If I don't fight for what I want and bow down to accept my current situation as permanent then I am the loser in this story. By starting to do something normal and continue from there I hope that I'll have as good of a life as I would've if this didn't happen to me. I may not get as far as I would've in some aspects but in others I have already soared beyond my furtherst imagination. This journey is a bitch. It's cruel and nasty and plain out unfair but instead of letting this illness consume my whole being, it will be  just a part of me not all of me.

So even though I have NO idea what I'm doing I know that I'm doing something. If the something is another year of recovery or restarting my Uni studies than so it will be.
What are you doing?
What is your 'something'?


Sunday, 2 November 2014

Pondering Pain


 "I can't change the direction of the wind, but I can adjust my sails to always reach my          destination."
(Jimmy Dean)

OUCH!!

That word pretty much sums up my week thus far.
This week has been pretty painful. I had an operation on Monday which will hopefully allow my future admissions and treatments to go smoothly and more easily.
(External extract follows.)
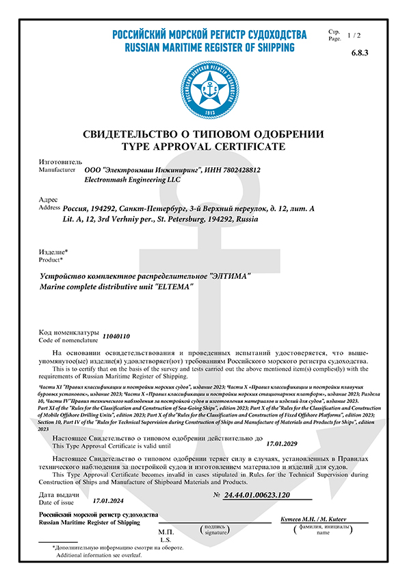 Поставленное оборудование: «КРУ «»Элтима»» 10кВ 31,5кА/1600А

I am really hopeful this will be worthwhile and helpful, whilst keeping in mind it does have it risks.
As most of you know I will push myself 110% to regain my life so I'm a bit bummed that I didn't go to my scheduled specialist appointment or 2 other appointments this week but I plan on being back & ready to face the world by Monday. 
In my head I thought this surgery would be more of a hiccup and bump than this speed bump it has perpetuated into. People told me it would hurt a lot and the articles I read about the procedure indicated it would be sore post-op yet I chose to block this knowledge out and plan for little discomfort and pain. Why did I do that?
I don't know. I'm doing quite fine now pain wise & I think I'm on the sliding scale downwards to my normal self. The pain I have experienced this week has been completely different to my normal pain experiences. I've always known there are different types of pain and this week has most definitely reminded me of that!

Pain is all relative. 

Some people sitting upright happily drinking their cup of tea rate their pain as 10/10
Some people lying in bed resting in a relaxed position claim their pain to be an 8/10
Someone doubled over screaming claims their pain is 3/10
Another person doubled over in pain screaming claims their pain is 12/10
Someone with their arm twisted and broken claims their pain as a 4/10.



I have experienced a lot of pain since becoming unwell and developing quite severe neuropathic pain & other conditions (thanks to my dodgy ANS) which have changed my understanding of a pain experience. Before getting sick I don't recall having much pain in my life. I had the odd operation and falls on the netball courts & exercise activities etc but nothing too memorable. Nowadays pain is an everyday experience for me that ranges from discomfort to excruciating sensations. 

Pain is horrible. I feel for any human or creature in pain and wish it could be alleviated. I wish that we were a pain free society and no one had to experience it to any degree. Not only is pain itself difficult, but there are other contributing factors like peoples perceptions of their own pain and of
others pain experiences, how we deal with pain and comparison of pain levels can all be challenging. 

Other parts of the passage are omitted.